Exercise data.
==========

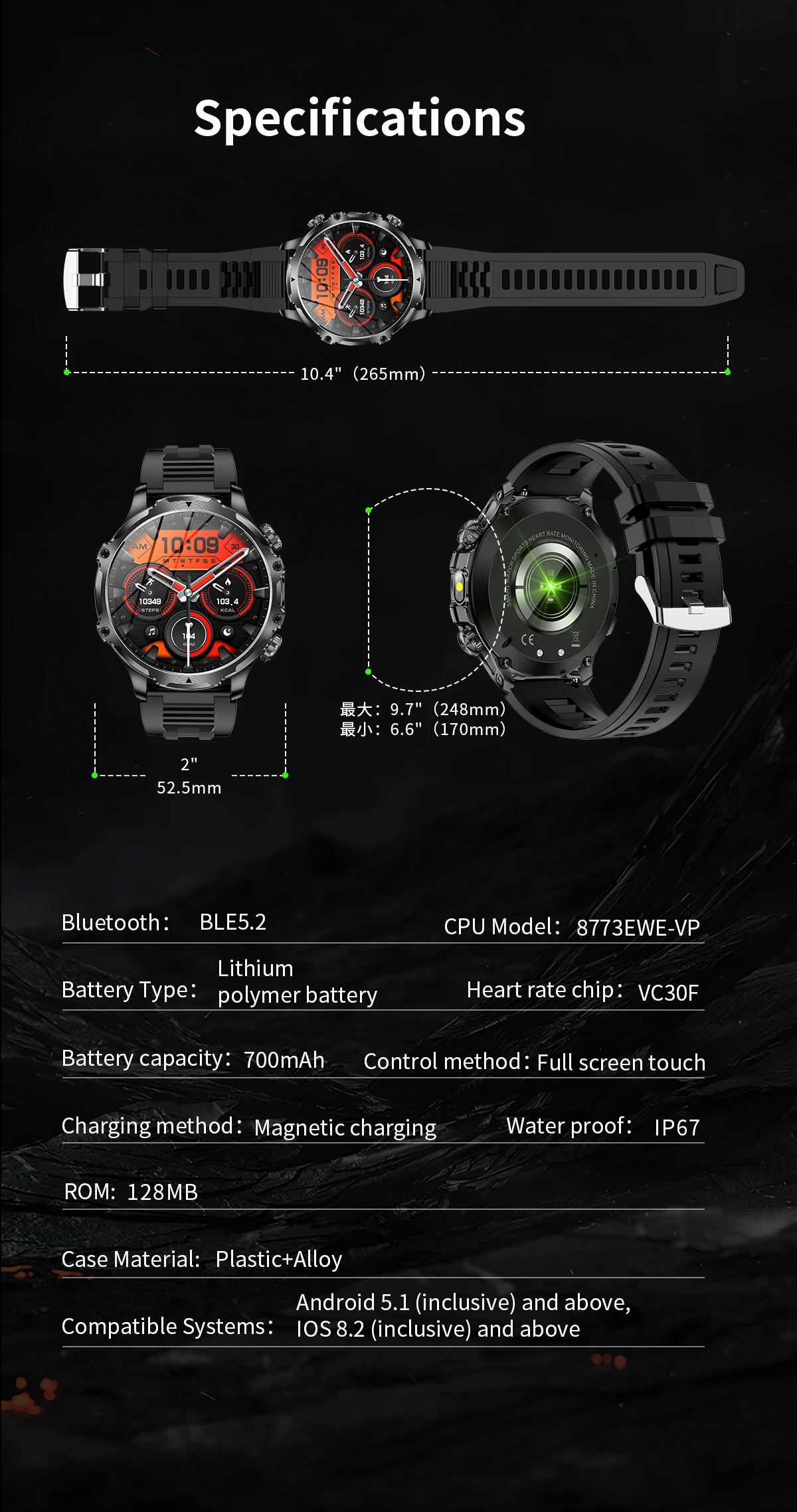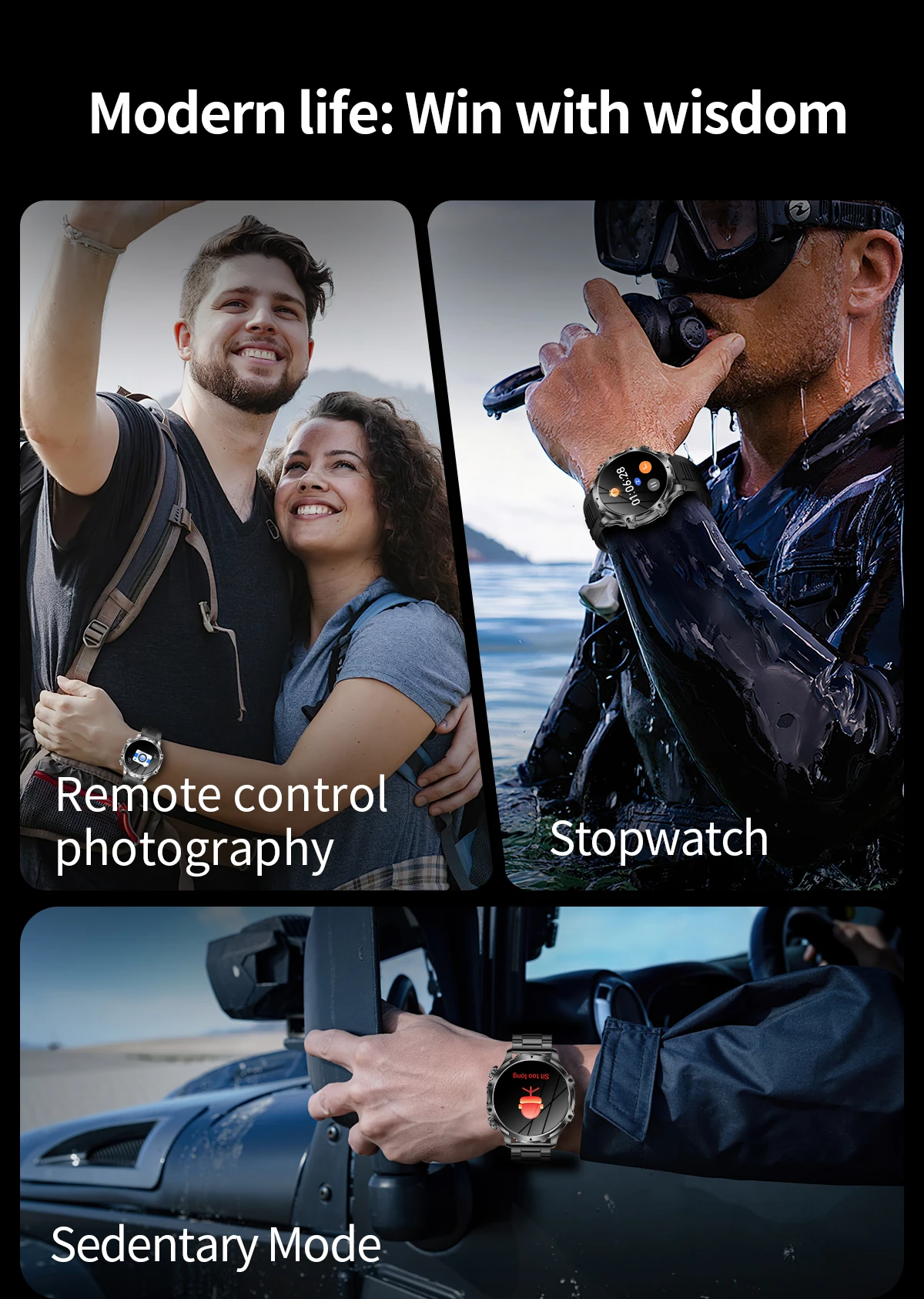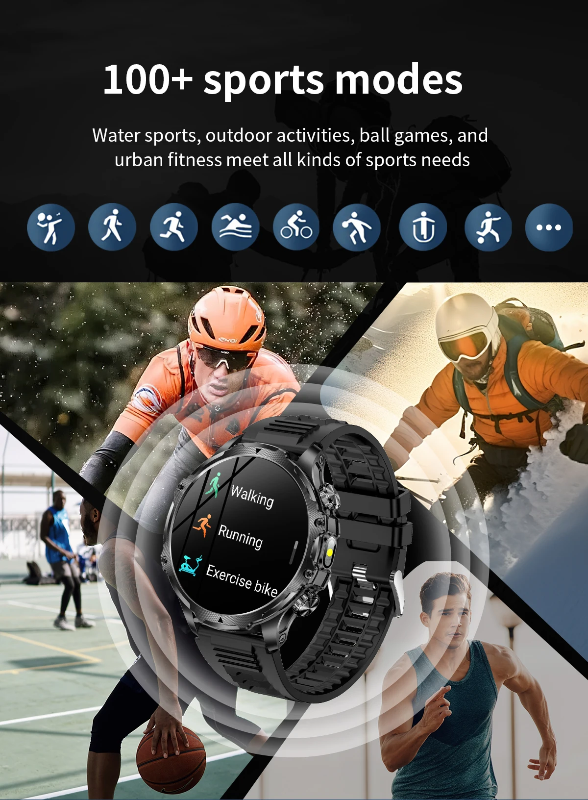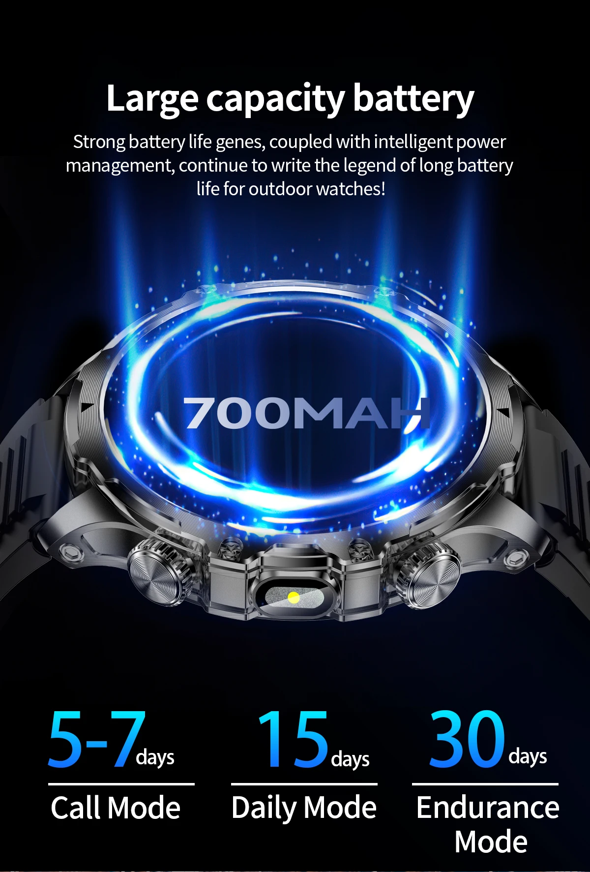 Entdecken Sie die AK75 Outdoor Smartwatch, die perfekt für aktive Lebensstile geeignet ist. Mit einem großen 700mAh Akku bietet diese Uhr eine beeindruckende Standby-Zeit von bis zu 40 Tagen und eine Nutzungsdauer von etwa 7 bis 10 Tagen. Der 1,9 Zoll IPS-Bildschirm ist auch bei Sonnenlicht hell und sorgt für eine klare Darstellung.
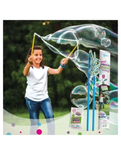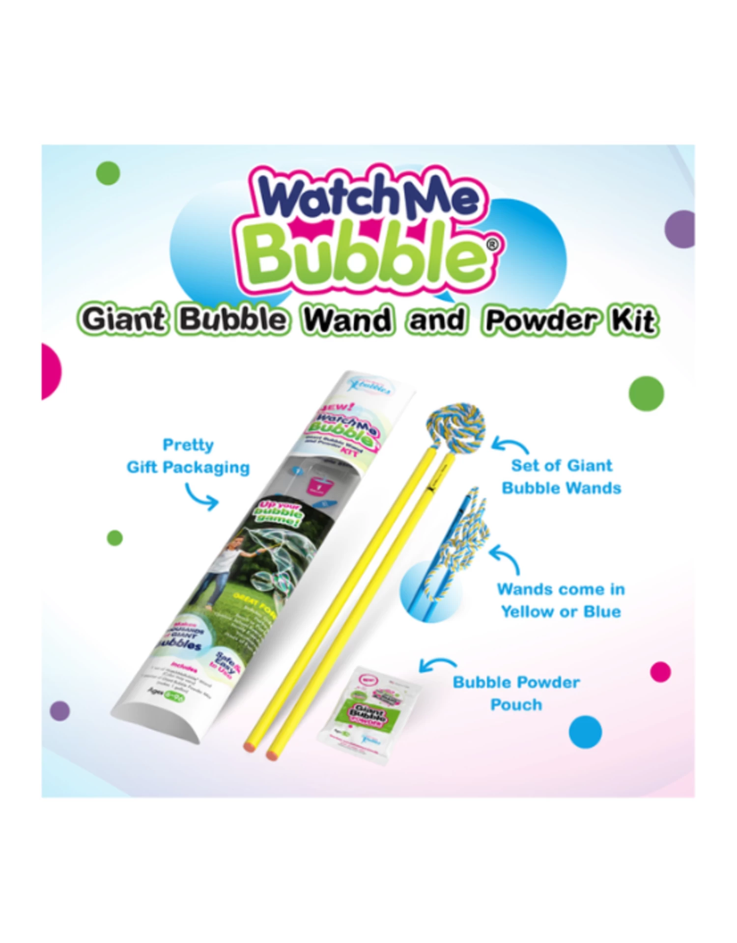 This set of wands are super-lightweight and easy to grab, even for little ones. Each colorful pair is connected with a pure cotton string that absorbs just the right amount of bubble solution (1 package included). Just dip the string in a bucket or container of WOWmazing Bubble Solution, lift the wands to the sky and you’ll think, “Whoa! Did I make that?”
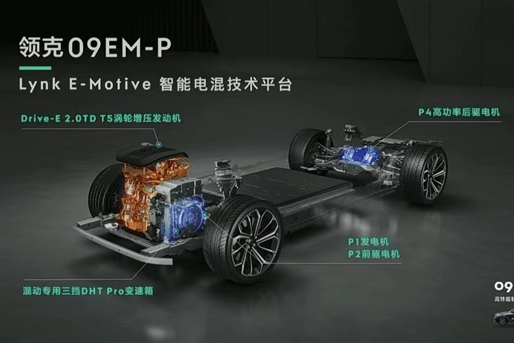 雖然目前官方暫未披露具體信息,但個人猜測很可能是類似領(lǐng)克09 EM-P的電混技術(shù),包括重新調(diào)校的2.0T混動專用發(fā)動機,以及前橋P1 P2雙電機(也有可能是類似領(lǐng)克08的P1 P3雙電機),外加獨立后橋P4電機驅(qū)動。
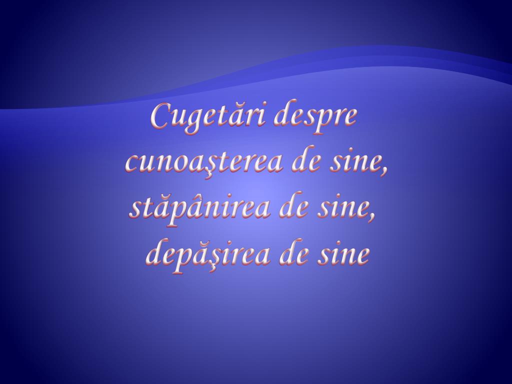 Cugetăridespre cunoaşterea de sine, stăpânireade sine, depăşireade sine

==========

Aim of the task.
What you give back must match the material above exactly, minus its pictures.

Exercise output.
 Entdecken Sie die AK75 Outdoor Smartwatch, die perfekt für aktive Lebensstile geeignet ist. Mit einem großen 700mAh Akku bietet diese Uhr eine beeindruckende Standby-Zeit von bis zu 40 Tagen und eine Nutzungsdauer von etwa 7 bis 10 Tagen. Der 1,9 Zoll IPS-Bildschirm ist auch bei Sonnenlicht hell und sorgt für eine klare Darstellung.
 This set of wands are super-lightweight and easy to grab, even for little ones. Each colorful pair is connected with a pure cotton string that absorbs just the right amount of bubble solution (1 package included). Just dip the string in a bucket or container of WOWmazing Bubble Solution, lift the wands to the sky and you’ll think, “Whoa! Did I make that?”
 雖然目前官方暫未披露具體信息,但個人猜測很可能是類似領(lǐng)克09 EM-P的電混技術(shù),包括重新調(diào)校的2.0T混動專用發(fā)動機,以及前橋P1 P2雙電機(也有可能是類似領(lǐng)克08的P1 P3雙電機),外加獨立后橋P4電機驅(qū)動。
 Cugetăridespre cunoaşterea de sine, stăpânireade sine, depăşireade sine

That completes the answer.